Importing dependencies

First, let's import the essential libraries

from keras.models import Sequential
from keras.layers import Dense
from keras.models import model_from_json
import numpy as np
import pandas as pd

Fetching and preparing the data

Next, we'll just import the dataset using Pandas and create the input feature vector (X) and target variable (Y)

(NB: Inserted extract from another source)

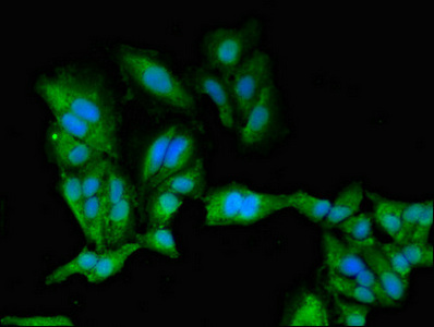 • Immunofluorescent analysis of Hela cells using CSB-PA018689LA01HU at dilution of 1:100 and Alexa Fluor 488-congugated AffiniPure Goat Anti-Rabbit IgG(H+L)
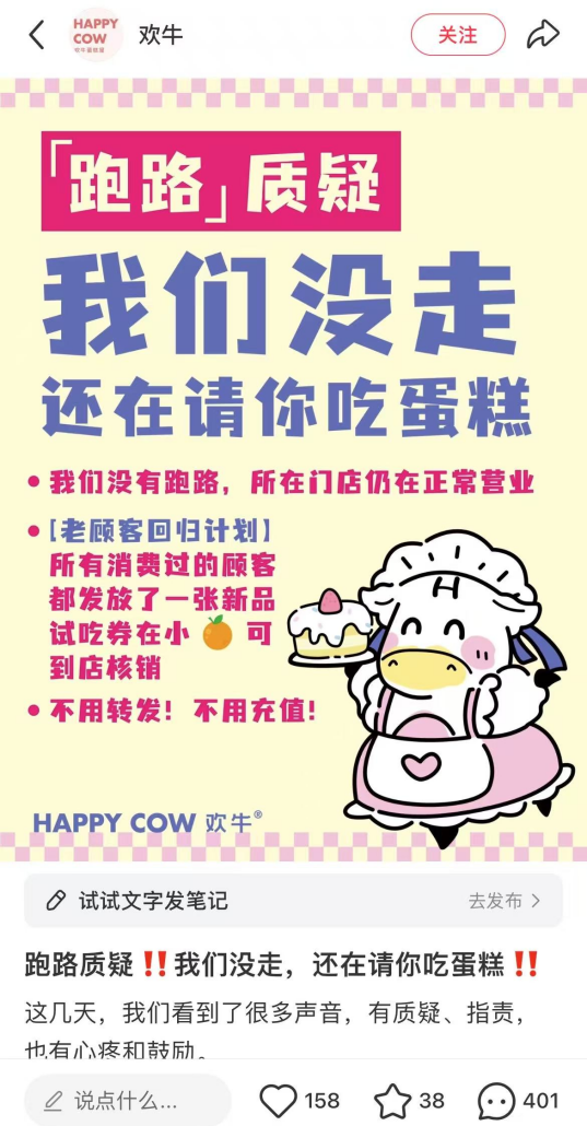 看到“欢牛蛋糕屋”如今的情形,不少老顾客、加盟商心情复杂,他们觉得自己的信任被辜负了。就在一周前的6月8日,欢牛蛋糕屋还下场辟谣称“我们没有跑路,所有门店仍在正常营业”,并给老顾客发放了新品试吃券。

dataset = pd.read_csv("diabetes.csv")

X = dataset.drop("Outcome",axis=1)
Y = dataset["Outcome"]

Before we go ahead and train our neural network, let's first have a look at the input features and target variable:

Defining the model structure

Next, we'll define our simple neural network. The architecture of the neural network has:

Input layer (8 input features)
Hidden layer 1 (12 neurons)
Hidden layer 2 (8 neurons)
Output layer (1 neuron, softmax function having "0" or "1" as output)

model = Sequential()
model.add(Dense(12, input_dim=8, kernel_initializer='uniform', activation='relu'))
model.add(Dense(8, kernel_initializer='uniform', activation='relu'))
model.add(Dense(1, kernel_initializer='uniform', activation='sigmoid'))

Building the model

Next, we'll build the model using Adam optimizer:

model.compile(loss='binary_crossentropy', optimizer='adam', metrics=['accuracy'])

Training the model

Next, we train the model for 10 epochs

model.fit(X, Y, epochs=10, batch_size=10)

Epoch 1/10
768/768 [==============================] - 0s 134us/step - loss: 0.4180 - acc: 0.8047
Epoch 2/10
768/768 [==============================] - 0s 117us/step - loss: 0.4208 - acc: 0.7943
Epoch 3/10
768/768 [==============================] - 0s 123us/step - loss: 0.4152 - acc: 0.7982
Epoch 4/10
768/768 [==============================] - 0s 122us/step - loss: 0.4077 - acc: 0.8073
Epoch 5/10
768/768 [==============================] - 0s 114us/step - loss: 0.4030 - acc: 0.8138
Epoch 6/10
768/768 [==============================] - 0s 126us/step - loss: 0.4084 - acc: 0.8047
Epoch 7/10
768/768 [==============================] - 0s 118us/step - loss: 0.4079 - acc: 0.8008
Epoch 8/10
768/768 [==============================] - 0s 129us/step - loss: 0.4083 - acc: 0.7995
Epoch 9/10
768/768 [==============================] - 0s 130us/step - loss: 0.4059 - acc: 0.8008
Epoch 10/10
768/768 [==============================] - 0s 118us/step - loss: 0.4139 - acc: 0.8073

Evaluating the model

Finally, let's evaluate our model:

scores = model.evaluate(X, Y, verbose=0)
print("%s: %.2f%%" % (model.metrics_names[1], scores[1]*100))

acc: 80.86%

Now that we have defined, built, trained and evaluate our model, we may feel the need to save it for later, to avoid going through the entire process again.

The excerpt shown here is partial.